The denial of contemporaneity to the Islamic world can sometimes proceed from the best intentions, as when invited experts cite and discuss the Holy Koran and the Sayings of the Prophet as the ultimate and armatural texts for present-day political choices. This approach creates the impression that Islamic civilisation has made no further contribution to the history of thought since the 7th century; it also negates the role of secular philosophies in the evolution of the Muslim or Arab political consciousness. For instance, this writer cannot recall a single reference, in mainstream-channel discussions during the last 17 months, to Ali Shariati, the political visionary and critic of consumption capitalism whose teachings provided the stimulus for the first, 1978 phase of the Iranian Revolution. Or to the historian of science and gnosis, Seyyed Hossein Nasr; or the Egyptian secular revolutionary, Gamal Abdel Nasser, or the Algerian socialists Ahmed Ben Bella and Houari Boumediene. The Libyan leader Muammar al-Gaddafi is usually mentioned only in the context of the Lockerbie case or dismissed as a maverick; his contribution to post-colonial praxis goes unremarked. These and many other thinkers and political figures from the world of Islam have been consigned to oblivion by the global media; the modernities they symbolise, their conceptions of freedom, justice and the scope of human possibility, are rendered invisible.

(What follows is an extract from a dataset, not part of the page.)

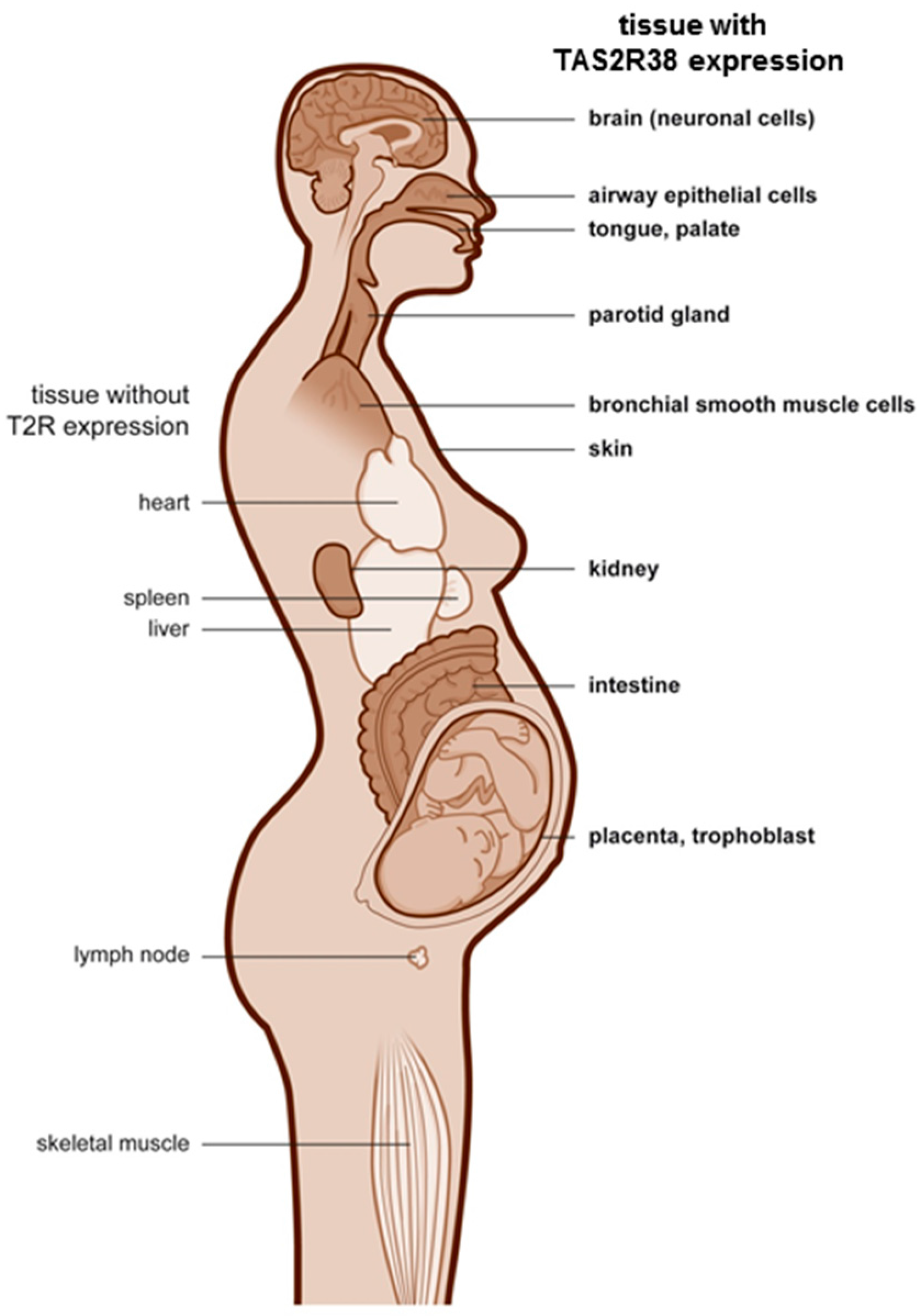It can be speculated that structures that protect the embryo express TAS2R38 whereas some mesodermal structures such as the lymphatic system, blood, the heart, and skeletal muscle are negative. Furthermore TAS2R38 expressing cells in the placenta might be chemosensors which control hormone secretion in analogy to the enteroendocrine cells described in the gut [15]. The cartoon in Figure 4 highlights organs that express TAS2R38 in bold on the right site.

The Western channels have, at least, the excuse of subscribing to a long history of supremacism. Their Indian counterparts, however, have no such defence. It is shameful that the State-run Doordarshan Television, Aaj Tak, Star News and Zee News ? who serve a viewership that numbers close to a billion people, a vast proportion of humankind ? have all mindlessly followed the route set by CNN and BBC for the coverage of the Iraq crisis, without making the slightest effort to represent an autonomous perspective. Are they, perhaps, afraid of appearing unfashionably Third-Worldist or, worse, as outmoded partisans of the Non-Aligned Movement? These ideological positions may have been relegated to the museum of superseded ideas, but they still hold out the promise of an independent position. But an independent position is precisely what our political and electronic-media elites have renounced, with their fallacious identification of Indian with Western interests.

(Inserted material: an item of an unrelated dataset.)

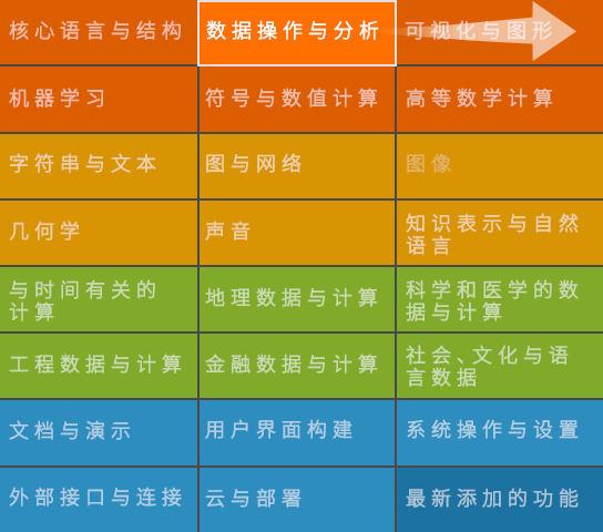Wolfram 表格数据处理是 Wolfram 语言的一个组成部分。整个系统包含了六千多个内置函数,涵盖了计算领域的方方面面,所有内容被精心集成在一起,相互支持,完美地结合为一个整体。

This identification is merely an update on the kinship that many upper-caste Hindus claimed with their British masters during the colonial period, on the grounds of a shared ‘Aryan’ ancestry posited by racial mythology. The updated kinship claim, version 2003, demonstrates the willingness of our elites to turn their back on the anti-imperialist charter of the Indian Republic, in order to acquiesce in the expansionism of the US establishment as it entrenches itself firmly within the Islamic world through military occupation and puppet regimes, to control oil reserves as well as contain potential opposition. The best justification that can be advanced for the Indian policy is that there is some pragmatism to being on the winning side; unfortunately, this is the myopic and unrewarding pragmatism of the sidekick. After all, the cooks in Napoleon’s army were often on the winning side; unlike the Emperor’s marshals, however, they were not usually ennobled for their pains.